After years of proclaiming his innocence, Faulkner, 41, has now admitted to authorities that he defrauded investors out of millions of dollars and “concealed millions more from the IRS,” according to the U.S. Attorney’s office.
“As Mr. Faulkner continued to deceive his investors about drilling expenses and potential oil well output, he spent their millions of investment dollars on his lavish lifestyle, ” said Erin Nealy Cox, U.S. Attorney for the Northern District of Texas, in a statement Tuesday. “Let this case send a message that this type of egregious investor fraud will prosecuted to the fullest extent of the law.”
Currently, Faulkner is in federal prison in Seagoville and has been awaiting trial. Federal criminal charges were filed against Faulkner in June. Shortly after, he was arrested at Los Angeles International Airport while preparing to board a flight to London for a business trip, his attorney Larry Friedman of Friedman & Feiger said at the time.
In an unrelated case, Faulkner was arrested at the same airport in February. He was wanted on a Rockwall County theft charge for failing to pay a $3,000 printing bill. That case was eventually dropped.
Until then, Faulkner had only been facing civil penalties for his business dealings,
“Faulkner first proclaimed himself the ‘Frack Master’ in order to deceive investors about his expertise and steal millions of dollars to fund his lifestyle, and the SEC put an early end to his second effort to defraud investors in a real estate scheme,” said Shamoil T. Shipchandler, Director of the SEC’sFort Worth Regional Office, in a statement Tuesday. “Today’s serious civil and criminal sanctions serve as a warning to anyone who intends to target retail investors.”
Federal documents revealed that Faulkner oversold shares in his oil and gas investments. And court filing’s also accused him of inflated drilling costs estimates and then pocketing the difference to maintain a “lifestyle of decadence and debauchery,” according to the SEC.
In one case, the SEC lawsuit said, Faulkner told investors the land he secured for $80,000 had cost him $8.2 million.
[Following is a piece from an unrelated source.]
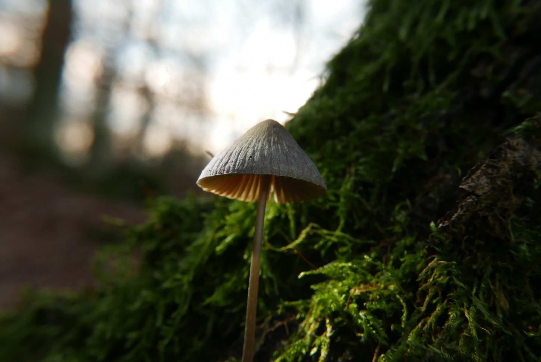 Eigentlich wollte ich die Zwergenpilzchen auf Eichenblatt wiederfinden, die ich zwei Tage zuvor mit dem Handy abgelichtet hatte.

The proceeds were used to buy exotic cars, pay for escorts and on other personal spending.
Court filings said Breitling executive Jeremy Wagers spent $40,000 at Dallas strip clubs over a four-night period in 2014 and that Faulkner referred to one of his credit cards as his “whore card.”
Faulkner has admitted to federal authorities that he “diverted approximately $23 million for his own personal benefit” over five years. He ran Breitling as well as other companies, where his involvement was kept secret, according to the federal officials.
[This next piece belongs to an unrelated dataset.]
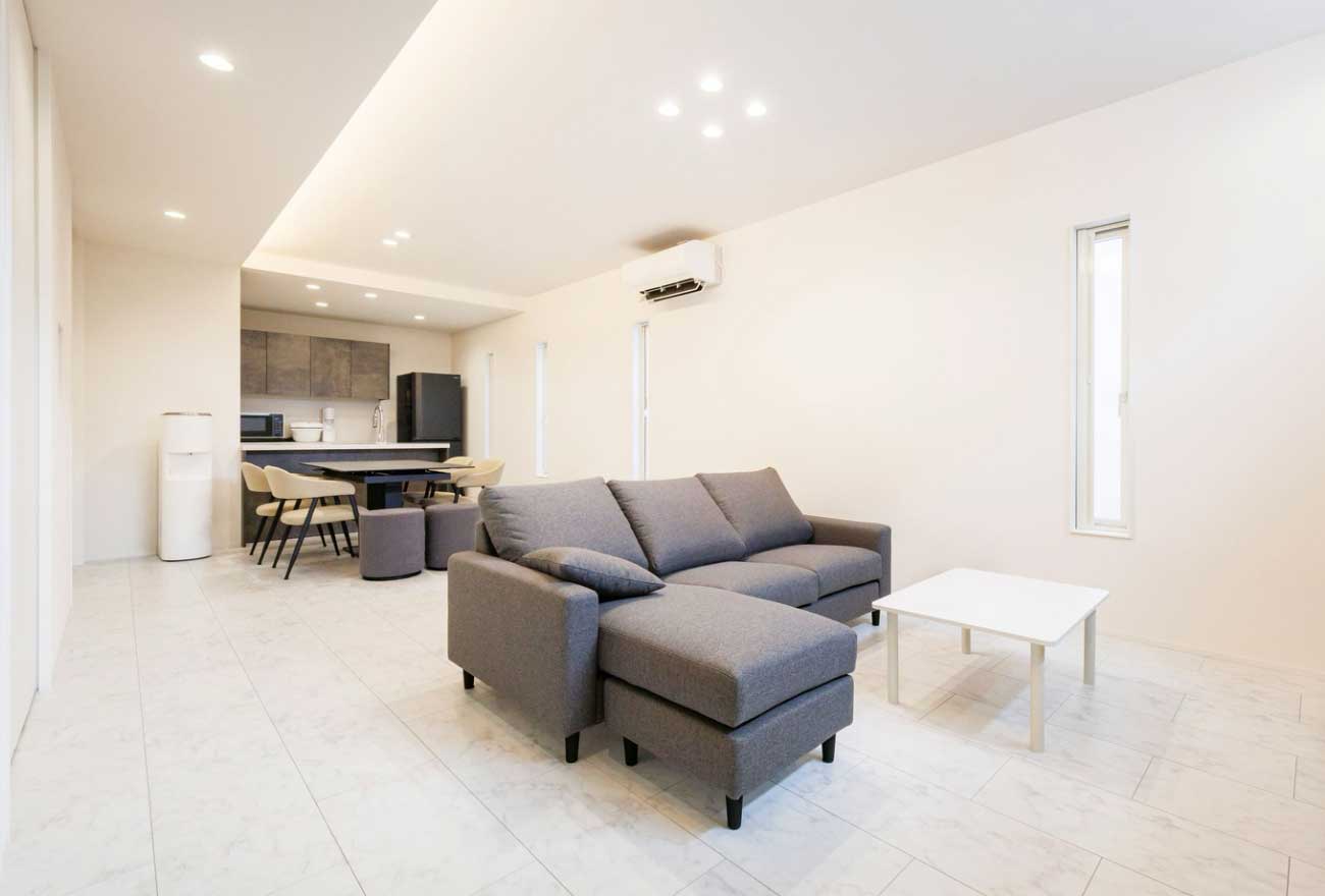 大きな窓や吹抜けを設けていないため、リビングの広がりや開放感を演出する為の「間接照明」や「天井高」の工夫も取り入れました。

Federal officials successful argued that Faulkner continued to misuse Breitling funds even after he was sued by the SEC. A federal judge froze his assets in August 2017 and appointed a receiver.
A month later, the SEC sued Faulkner for a second time. Federal officials said he had essentially “repackaged” the Breitling scheme and applied it to his new Southern California real estate flipping business.
Faulkner’s role in the company was initially hidden, although his mother — and sometimes his attorney — was listed as a manager.
Also, Faulkner’s ex-wife, Tamra Freedman, was ordered in July to repay $900,000 she received as part of the Breitling scheme. A friend of Faulkner’s, Jetmir Ahmedi, was ordered to repay $222,000 earlier this year.